January 26, 2012 - 03:45 PM ET

By Jay Boehmer

Buoyed by airfare growth and what executives characterized as unflagging business demand, Delta Air Lines, United Airlines and US Airways during quarterly earnings calls this week reported year-over-year double-digit percentage increases in corporate revenues for the last three months of 2011. Those carriers expect business traffic and corporate spending this year to steadily grow.

Delta's fourth-quarter corporate revenues grew by 15 percent year over year, while United reported a 13 percent increase, with corporate yields—a representation of average fare per mile—up 9 percent. US Airways, meanwhile, reported an 11 percent increase in overall passenger revenue per available seat mile.

So far, demand this year appears to be building on that base.
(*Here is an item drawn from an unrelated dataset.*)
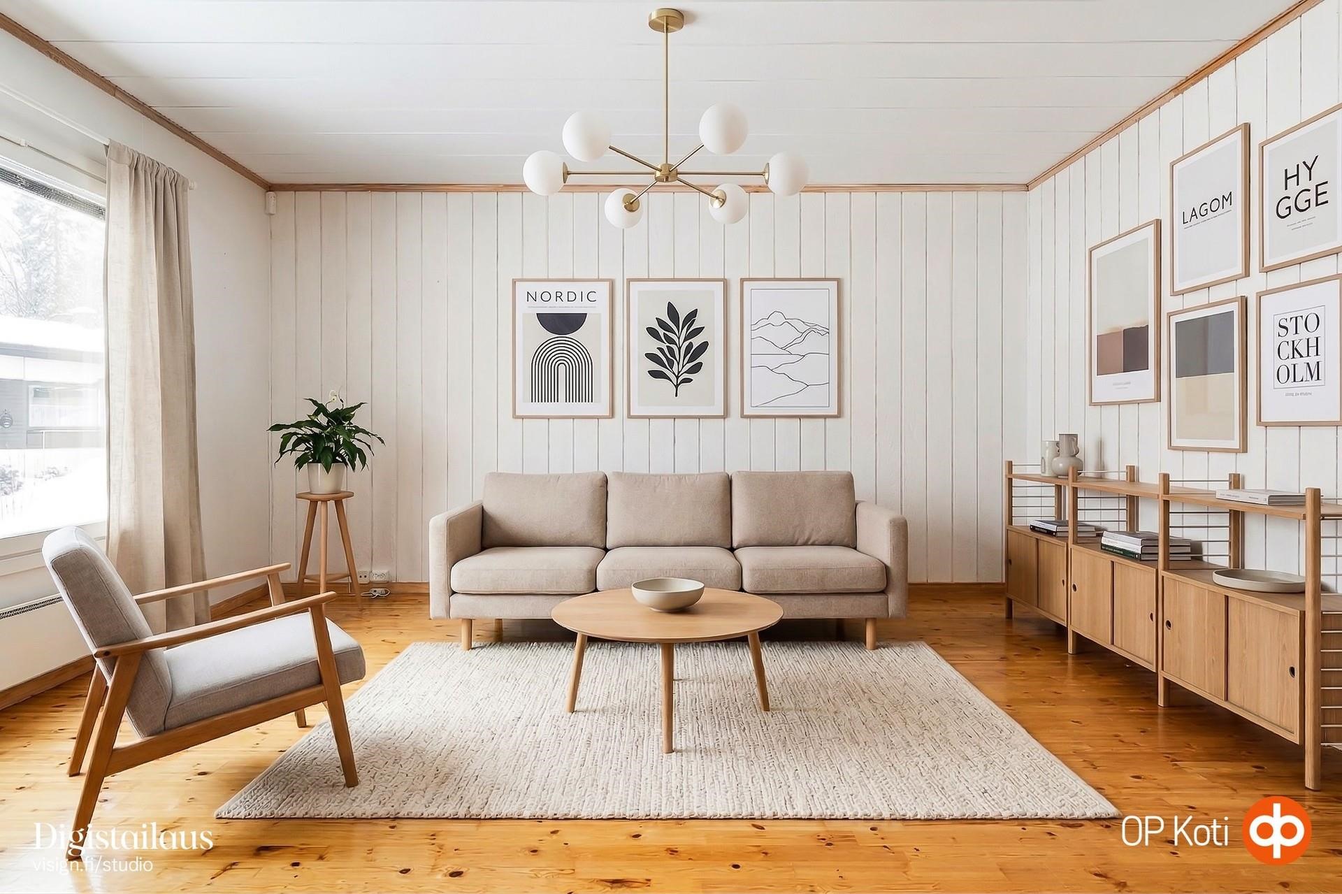Kodin yleisilme on lämmin ja kutsuva, ja tilat tarjoavat erinomaiset puitteet monenlaisiin elämäntilanteisiin. Olohuoneen ja ruokailutilan välinen seinä on purettu tilan avartamiseksi, mutta tarpeen vaatiessa ruokailutilasta saa yhden makuuhuoneen lisää.

Calling the second week in January "typically the largest booking week of the year"—as business travelers return to work and leisure travelers set spring and summer vacations—US Airways president Scott Kirby said the carrier's "booked revenue was up 35 percent year-over-year in that week." Booked corporate revenue, he added, "is up almost 30 percent year-to-date in 2012."

"If anything, the new year has seen a step up in business demand from the already-strong levels that we saw in the second half of 2011," Kirby continued. "As a result of the strong demand environment, the pricing environment also remains strong and the industry is successfully recovering high fuel prices."

At United, "the majority of our global corporate accounts expect 2012 travel volumes to be flat to up and travel spend to moderately increase versus 2011, with first-quarter trends expected to mimic the full year," according to chief revenue officer Jim Compton.

Delta president Ed Bastian noted that financial services clients last quarter spent 18 percent more year over year, while revenue from technology clients grew 15 percent and manufacturing clients spent 10 percent more. While airlines last fall cited softness in the banking sector, Delta reported 5 percent fourth-quarter revenue growth from that segment.

Meanwhile, airline executives said that economic troubles in the eurozone have yet to significantly impact demand or revenue. "The corporate base really hasn’t shown much weakness in the European side," Bastian said. Kirby claimed US Airways "simply did not see any evidence of macroeconomic weakness in our business. That was true even across the Atlantic."

Though less reliant than its network carrier competitors on corporate travel revenues, Southwest Airlines similarly pointed to strength in business travel demand for the last quarter of 2011 and into 2012.

American Airlines likely won't publicly report corporate revenue performance as its parent company, AMR, restructures under bankruptcy court protection. J.P. Morgan analysts in a recent research note wrote, "We believe AMR is sacrificing share to others (GDS/OTA issues, weakening corporate share, etc.)."